Comments 9: "A comparison with traditional methods (i.e. using SVM or KNN with hand crafted features like HOG or LBP features) would justify using deep learning in this application."
Response 9: We thank the reviewer for this insightful suggestion. While a comparison with traditional methods (e.g., SVM or KNN with handcrafted features like HOG or LBP) would further highlight the advantages of deep learning, our focus in this study was on real-time deployment and scalability, where deep learning models offer superior performance and automation.

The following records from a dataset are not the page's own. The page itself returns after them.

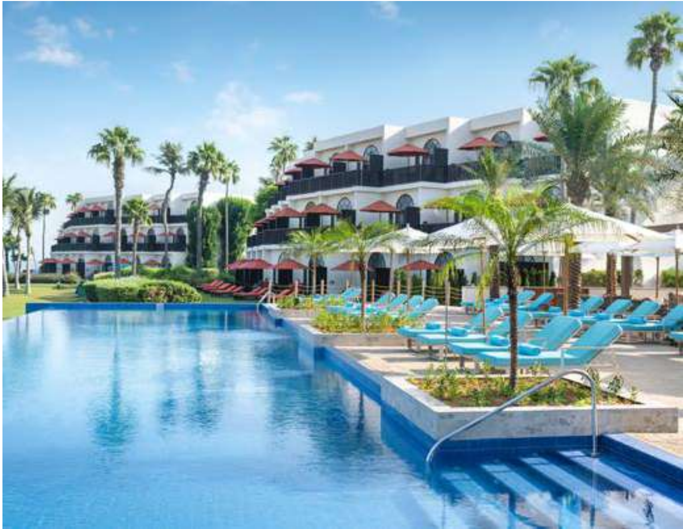
Tamr Pool Bar
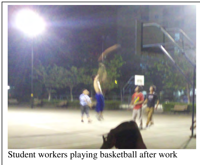
Student workers playing basketball after work

Underage workers - There are a large number of underage workers at the factory, who are assigned to the Assembly department. The factory cooperates with several technical schools to send new students to work at the factory, and presently students from Guangzhou Xincheng Technical School work there. These students come because their
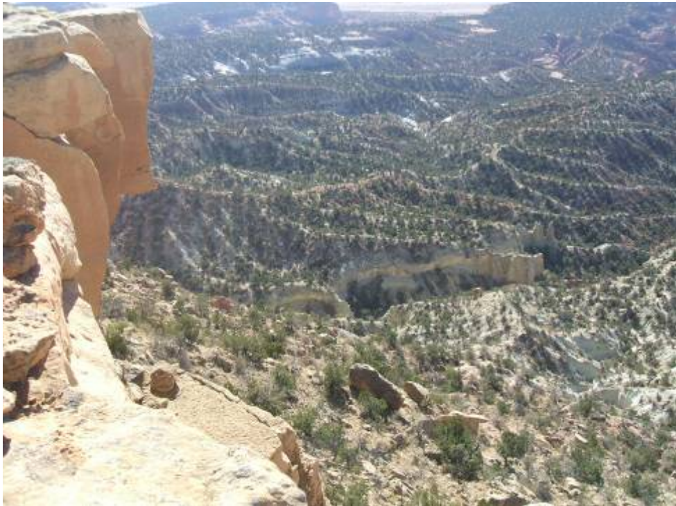
Photo 1. Mine site from top of cliff area, towards the south/southeast
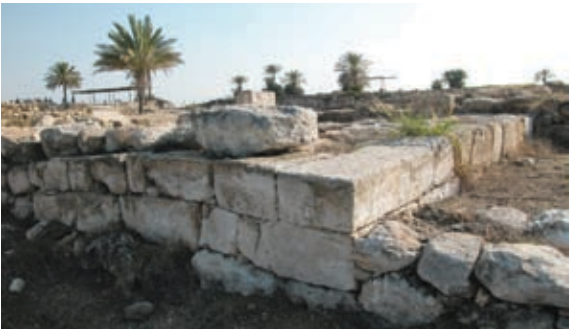
The northern palace

6. The northern stables – Two stable complexes were found at Megiddo – one on the northeastern part of the mound and one in the southwest. They reveal Megiddo's importance as a cavalry base or a center for commerce in horses. The construction of the stable-city is attributed to one of the Israelite kings, perhaps Jeroboam II, in the eighth century BCE or to King Ahab, in the ninth century BCE. Some scholars believe that the stables were used for other purposes – as storehouses, markets, or army barracks. On the left, part of a stable can be seen, including pillars and mangers. This northern part of the complex included 12 stables; the southern part was removed by the Chicago expedition to reach the level of the Early Canaanite period (the Early Bronze Age). The Tel Aviv University expedition completed the excavation of the stables and uncovered an impressive portion of the southern facade of the northernmost stables, which is slated for conservation and reconstruction. Additional stables were discovered on the southern part of the mound (16). The stable walls were built of mudbrick on a foundation of ashlar, some of which were probably robbed from the ruined northern palace (7). The large number of stables attests to a strong city government at the time they were built and to Megiddo's status as a major chariot city.
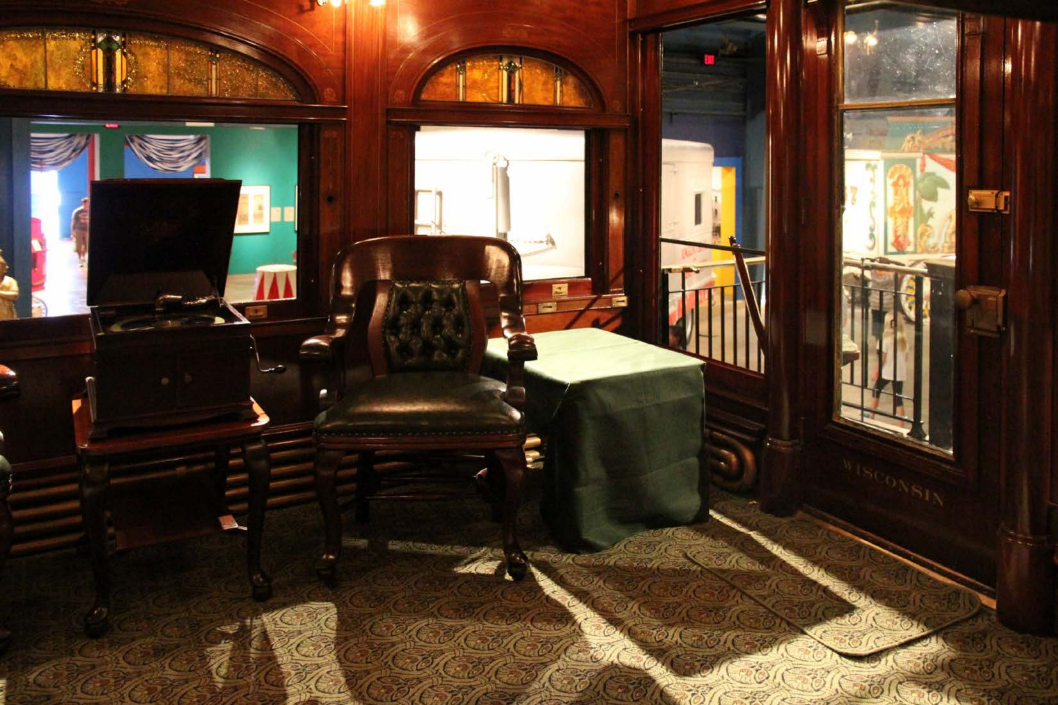
Ringling Circus Museum

Interior of the Observation Room of The Wisconsin . The car also contains three bedrooms, a dining room, kitchen, bathroom, and servants' quarters.
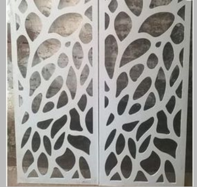
PVC WPC Jali
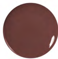
469 Brick It To Me Gently
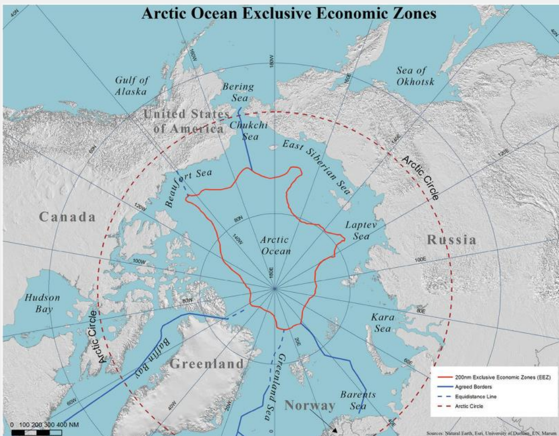
Figure 3 Each state has an exclusive economic zone (EEZ) extending from its baseline to two hundred nautical miles, where coastal states may exercise sovereign rights to explore, exploit, conserve and manage the living resources in the exclusive economic zone, as established within the United Nations Convention on the Law of the Sea.

Despite these challenges, Arctic states are cooperating on some issues relating to maritime traffic. Entering into force in 2013, the Search and Rescue Treaty, ratified by the Arctic states, coordinates search and rescue (SAR) coverage and establishes each state's area of SAR responsibility. Moreover, the International Maritime Organization's Polar Code specifies design,
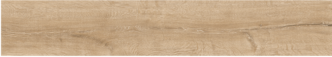
Oak 25x150cm Rectified
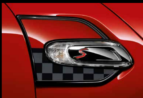
JCW PRO SIDE SCUTTLES.

No matter which MINI you drive, with the JCW Pro MINI KIT exterior styling range you have access to accessories that make your MINI worthy of the racetrack.
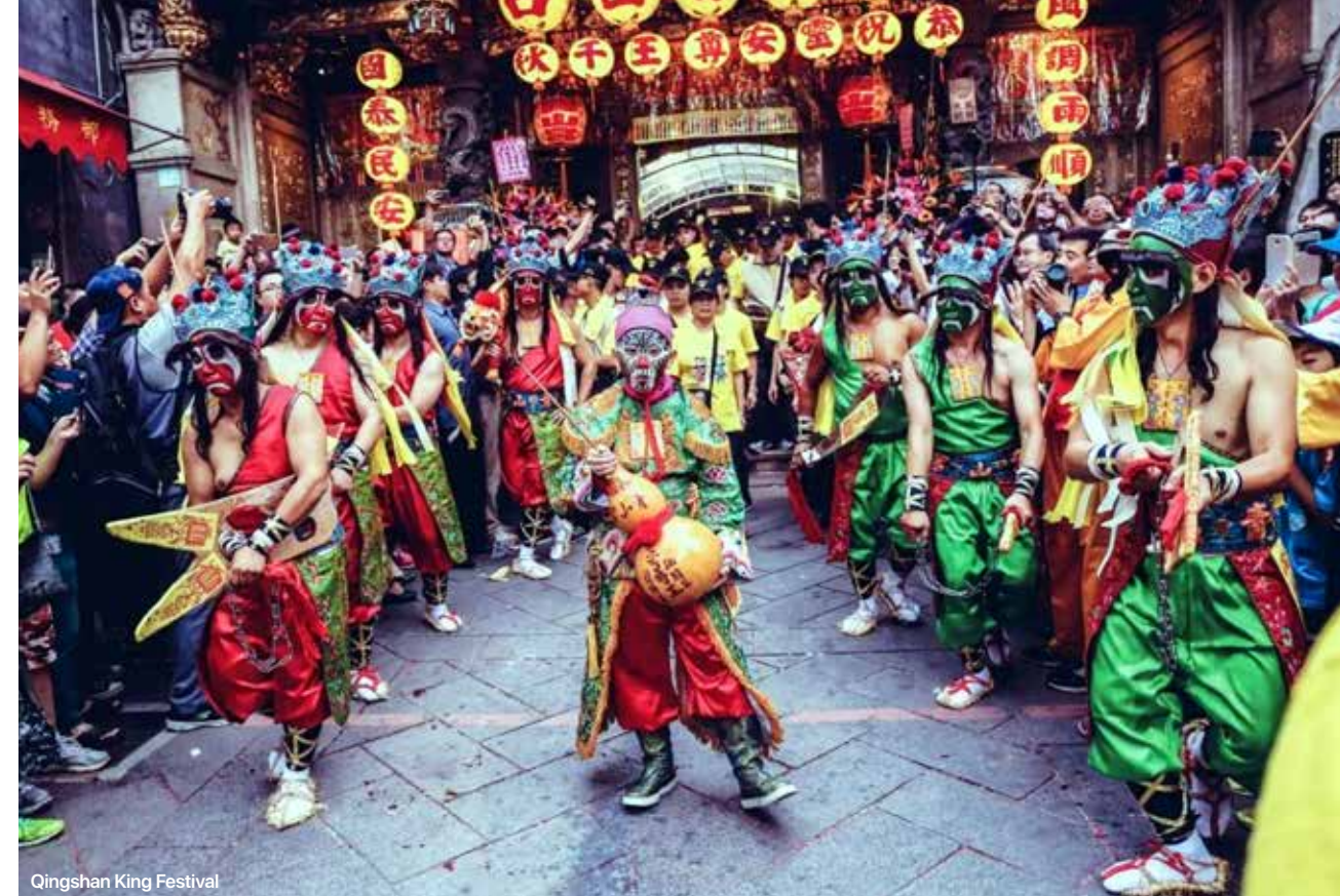
Qingshan King Festival

Every year the Confucius Temple at Taipei witnesses thousands of people thronging its premises to commemorate the birthday of the grand master Confucius. The ceremony takes place at 6am on 28 September annually. This ritual has been carried forward by the temple for the past eight decades. The well-preserved Confucian ceremony
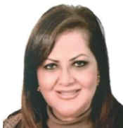
H.E. Hala Helmy El-Said

Since he left the Tunisian Ministry of Finance in December 2011, Mr Ayed has been an active public speaker promoting his vision for a prosperous Tunisia. He is a regular guest speaker of prestigious academic organizations and civil society forums. He continues to serve as director in the board of the Tunisian Caisse de Dépôt et de Consignation (CDC) that he founded in 2011; and as an independent member of the national joint committee in charge of supervising the reform of the financial system, and the restructuring of public banks. Mr. Ayed set-up a technology group in 2012 (the Vega-Group of Companies) to empower about 70 young Tunisian graduates and young professionals, many of them unemployed at the time, engaging them in IT career opportunities.
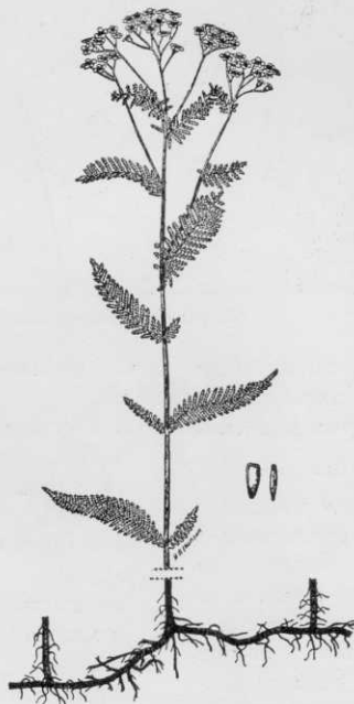
YARROW, in full bloom

of ours in Germany say that Yarrow is not cultivated there but that the seed is hand collected where it grows wild. "It is used for sheep pastures and also in chemists' shops as a medical drug."
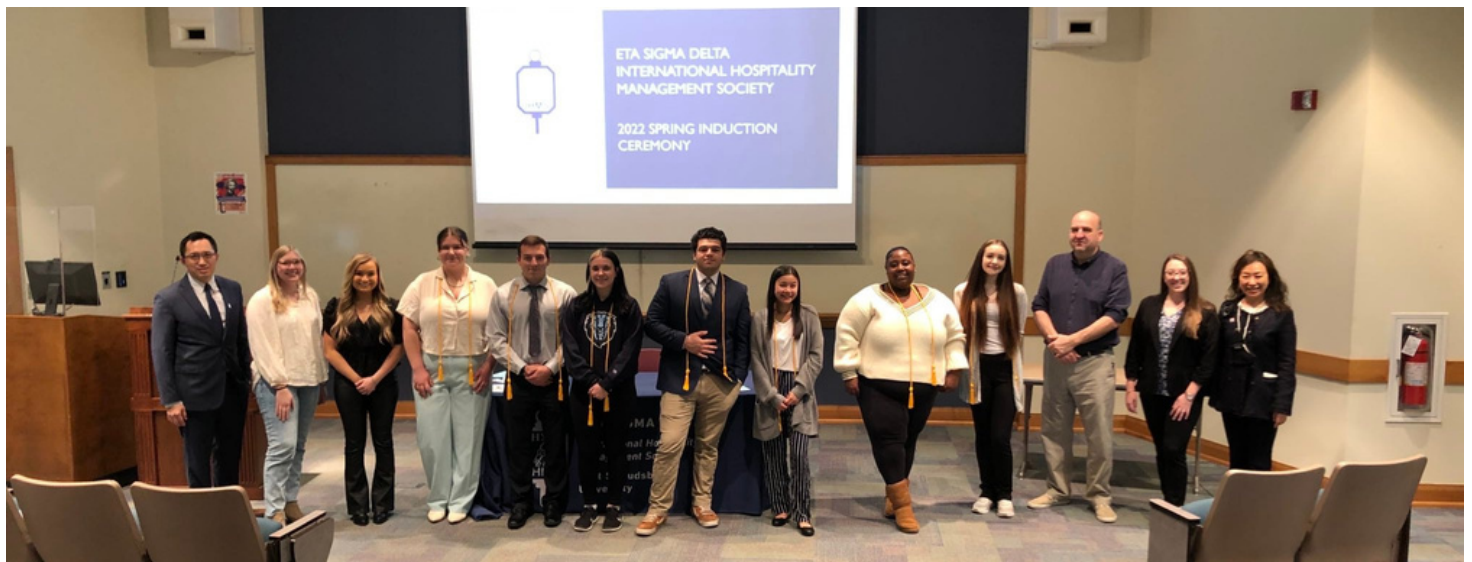
ESD Induction Ceremony
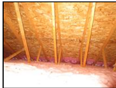
4.0 Picture 3
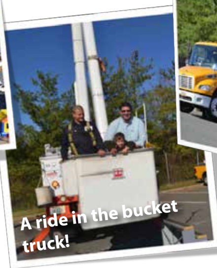
A ride in the bucket truck!
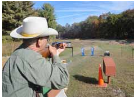
Peacemaker Reb on Stage 3
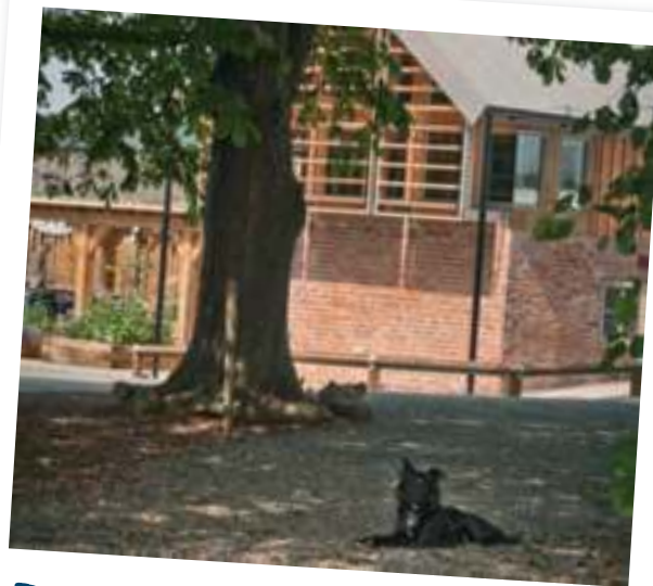
Poppy through the trees
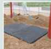
Swing Seats, Parts & Swing Mats
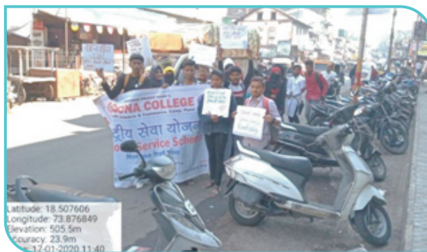
Students in Walkathon with placards on Road Safety
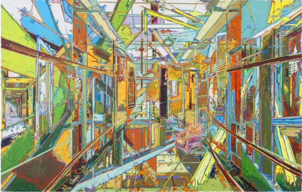
Oil painting Forgotten Vacancy by You Jin © 2016
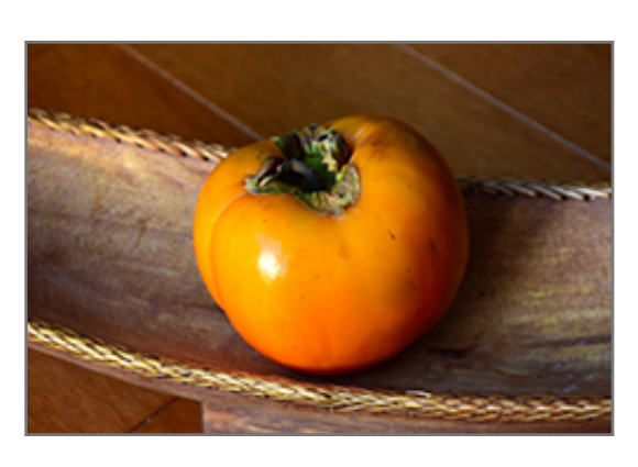
Giant Fuyu Japanese Persimmon fruit

A popular cultivar producing large, deep orange fruit; flowers in mid-summer and fruit ripens in mid-November; typically round-topped with an open, erect habit; fruit has a sweet honey flavor, delicious for fresh eating or preserves
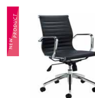
SOSA // CH1249
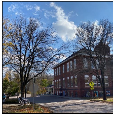
Healthy ash outside Town Center will be treated

Fig. 1. Proposed 2021 management for ash trees within Richmond's village and surrounding areas.
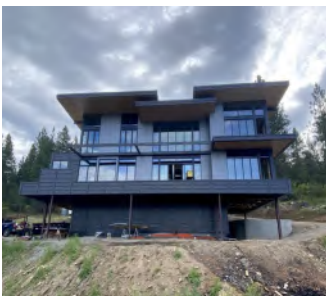
Custom house architectural project Carlson Sheet Metal- Spokane, WA
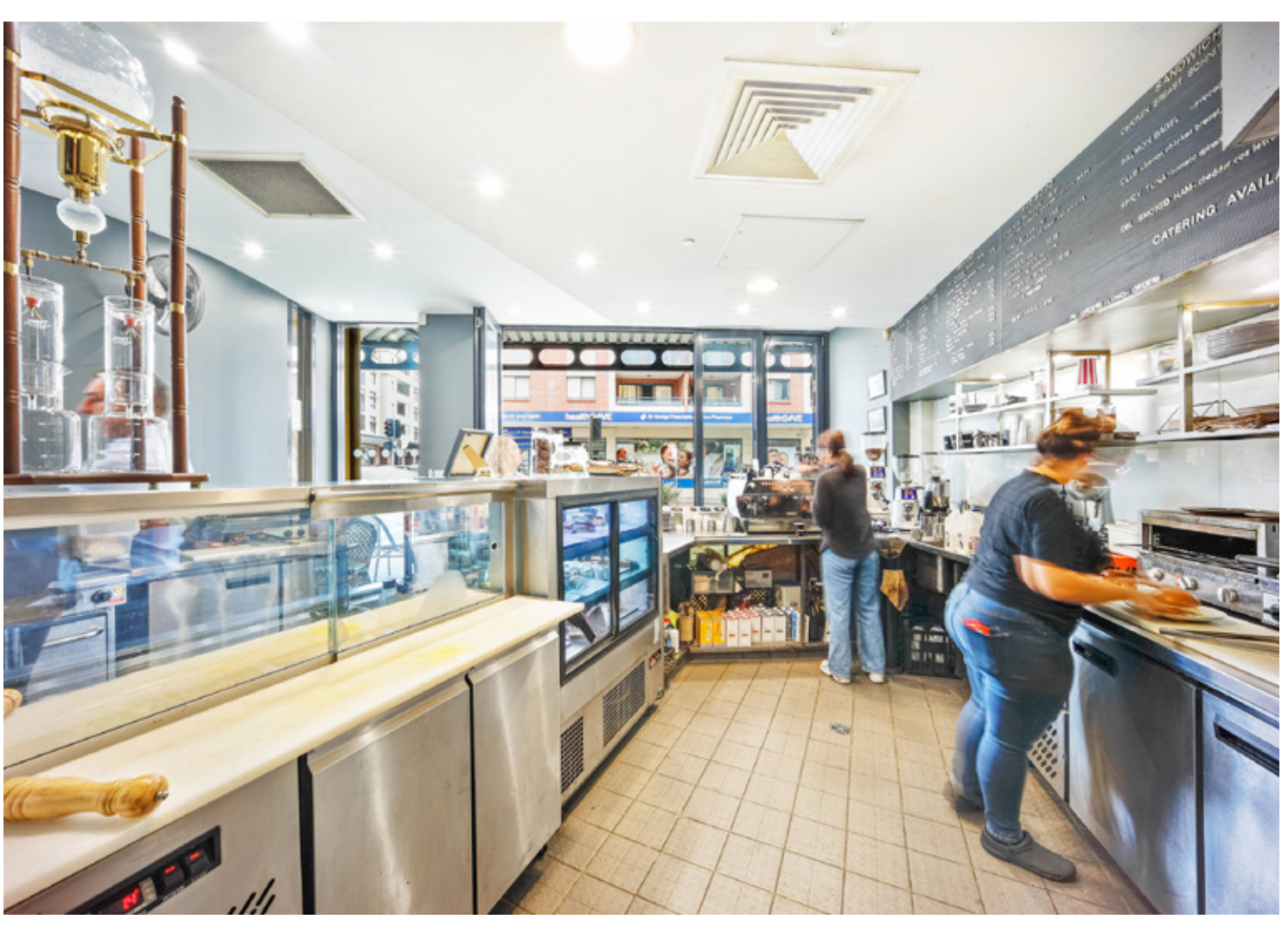
Shop 4/26 Belgrave Street, Kogarah | Page 11

We have now acknowledged this point in the revised manuscript (Section 2.4) and included a brief discussion comparing the expected trade-offs between classical and deep learning approaches based on findings in related literature.
Round 2
Reviewer 1 Report
Comments and Suggestions for AuthorsI appreciate the authors’ thorough and constructive revisions to the manuscript. All of my concerns have been carefully addressed in the updated version. The clarifications on methodological contributions, dataset limitations, and comparative justifications provide the necessary context and significantly strengthen the paper. The inclusion of an ablation study for augmentation effects, improved discussion of chromatic defect detection strategies, and acknowledgment of preprocessing trade-offs further enhance the technical depth.
Reviewer 3 Report
Comments and Suggestions for AuthorsAuthors have improved the manuscript and have addressed most of the suggestions.